Content starts

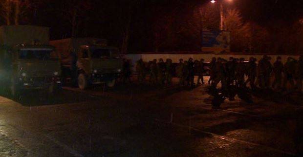 Σύμφωνα με το πρακτορείο ειδήσεων Interfax, 50 περίπου ένοπλοι άνδρες, ο οποίοι φορούσαν ίδιες στολές και είχαν αντίστοιχο εξοπλισμό με αυτον που έφεραν οι Ρώσοι εθνικιστές που κατέλαβαν την Πέμπτη το Κοινοβούλιο της Κριμαίας, υψώνοντας μάλιστα και ρωσική σημαία, προσέγγισαν το αεροδρόμιο της Συμφερόπολης με οχήματα KamAZ.
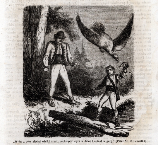 "Wtem z góry zleciał wielki orzeł, pochwycił węża w dziób i uniósł w górę."
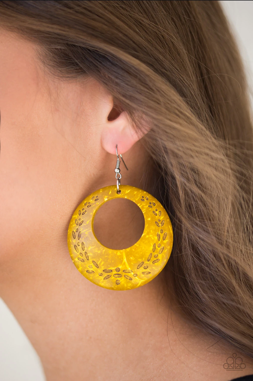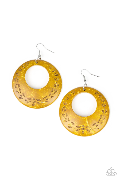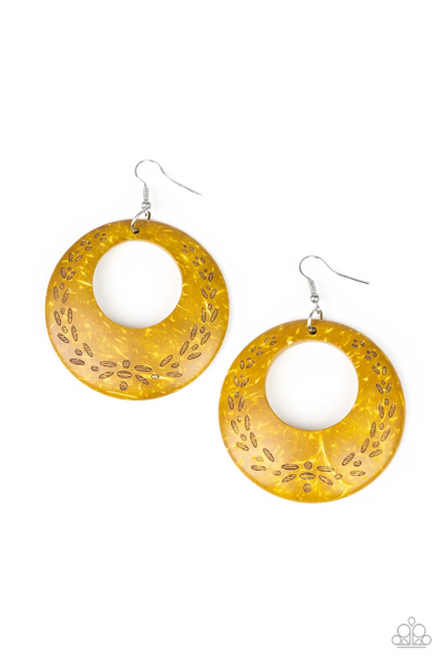 Etched in a leafy pattern, a distressed yellow wooden frame swings from the ear for a summery look. Earring attaches to a standard fishhook fitting.
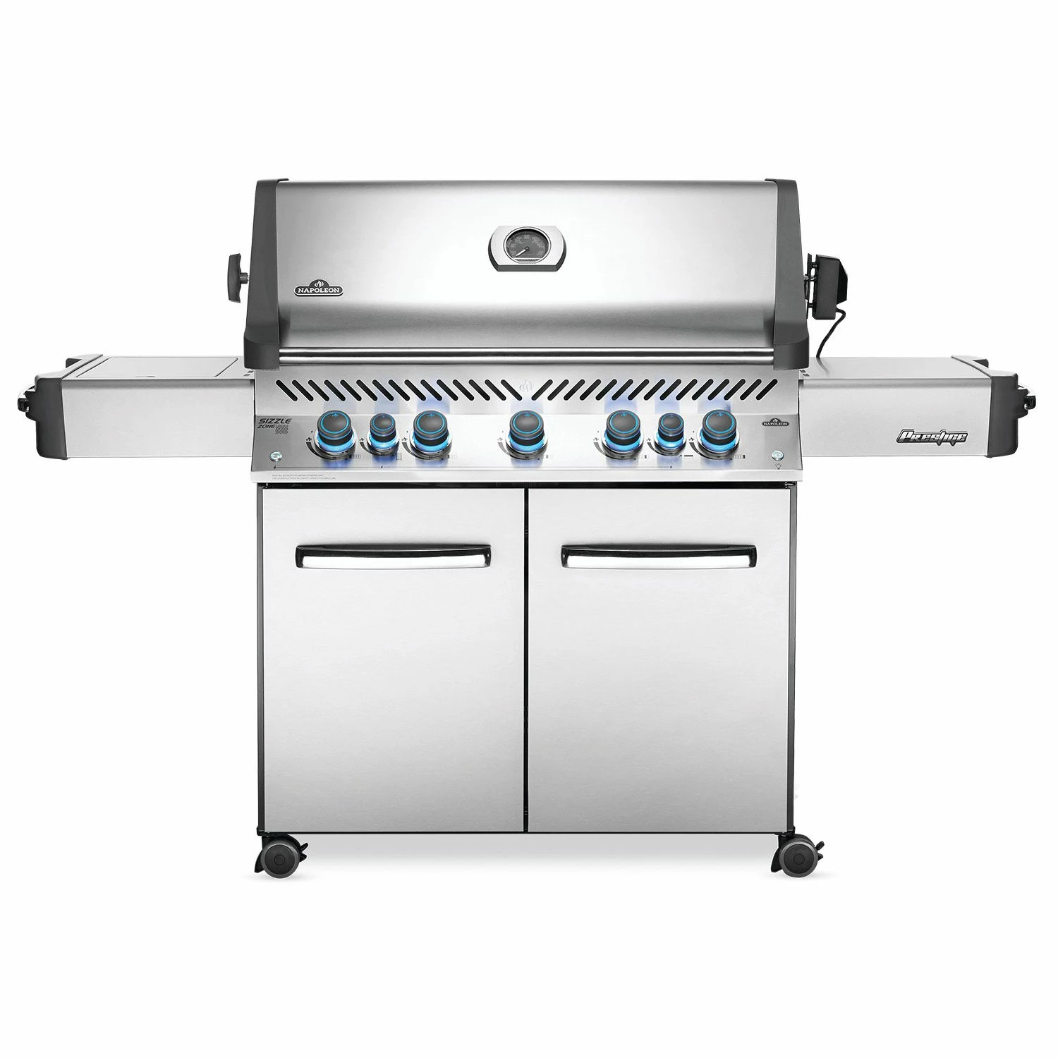 Napoleon P665RSIB Prestige 665 Gas Grill On Cart with Rotisserie and Side Burner, 37-Inches delivers high end performance without the price tag of a high end grill. The solid 304 stainless steel construction is designed for long term durability and ensures the grill will hold up to the elements. The (4) main grilling burners are rated for a 12,000 BTU maximum and feature a solid 304 stainless steel tube construction while the stainless steel sear plates help protect the burners and provide even heat distribution, preventing hot and cold spots across the 665in² grill surface.
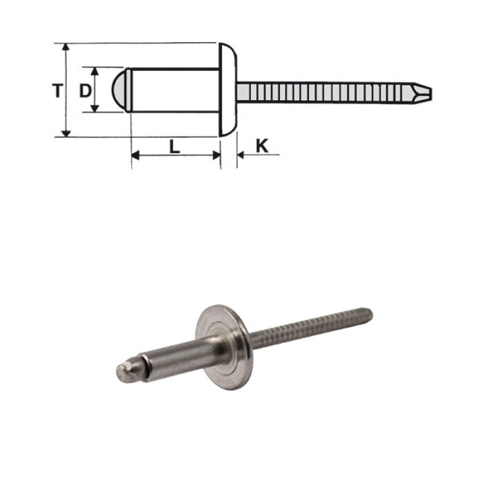 Popszegecs 4x6 nagyfejű A2/A2, átfogás 1 - 2
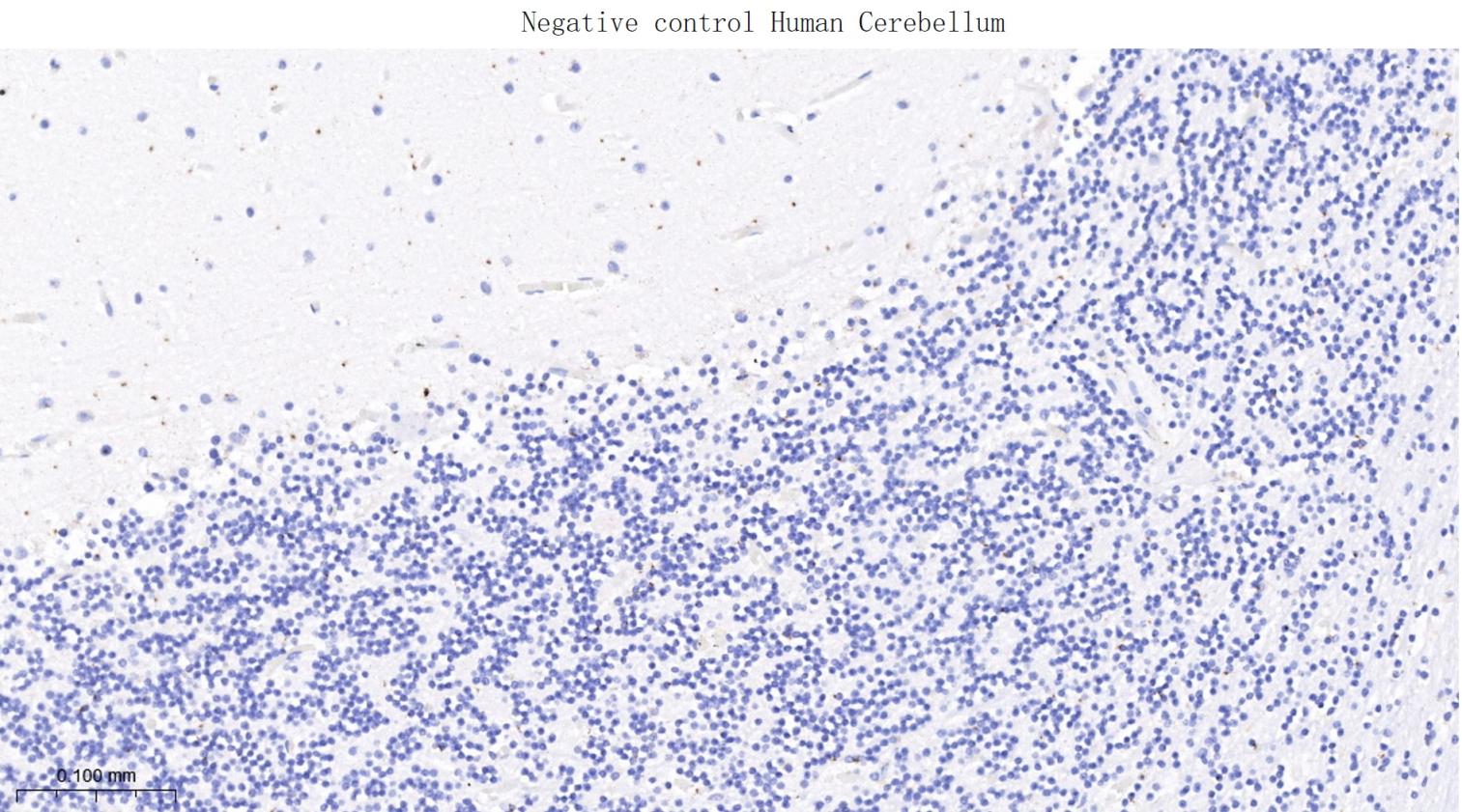 (Negative control) Paraformaldehyde-fixed, paraffin embedded Human Cerebellum; Antigen retrieval by boiling in sodium citrate buffer (pH6.0) for 15 min; The section was incubated with SERCA1 Monoclonal Antibody, Unconjugated (bsm-61239R) at 1:200 overnight at 4°C, followed by conjugation to the bs-0295G-HRP and DAB (C-0010) staining.

Content ends

Restate the entries verbatim and exclude any pictures.

 Σύμφωνα με το πρακτορείο ειδήσεων Interfax, 50 περίπου ένοπλοι άνδρες, ο οποίοι φορούσαν ίδιες στολές και είχαν αντίστοιχο εξοπλισμό με αυτον που έφεραν οι Ρώσοι εθνικιστές που κατέλαβαν την Πέμπτη το Κοινοβούλιο της Κριμαίας, υψώνοντας μάλιστα και ρωσική σημαία, προσέγγισαν το αεροδρόμιο της Συμφερόπολης με οχήματα KamAZ.
 "Wtem z góry zleciał wielki orzeł, pochwycił węża w dziób i uniósł w górę."
 Etched in a leafy pattern, a distressed yellow wooden frame swings from the ear for a summery look. Earring attaches to a standard fishhook fitting.
 Napoleon P665RSIB Prestige 665 Gas Grill On Cart with Rotisserie and Side Burner, 37-Inches delivers high end performance without the price tag of a high end grill. The solid 304 stainless steel construction is designed for long term durability and ensures the grill will hold up to the elements. The (4) main grilling burners are rated for a 12,000 BTU maximum and feature a solid 304 stainless steel tube construction while the stainless steel sear plates help protect the burners and provide even heat distribution, preventing hot and cold spots across the 665in² grill surface.
 Popszegecs 4x6 nagyfejű A2/A2, átfogás 1 - 2
 (Negative control) Paraformaldehyde-fixed, paraffin embedded Human Cerebellum; Antigen retrieval by boiling in sodium citrate buffer (pH6.0) for 15 min; The section was incubated with SERCA1 Monoclonal Antibody, Unconjugated (bsm-61239R) at 1:200 overnight at 4°C, followed by conjugation to the bs-0295G-HRP and DAB (C-0010) staining.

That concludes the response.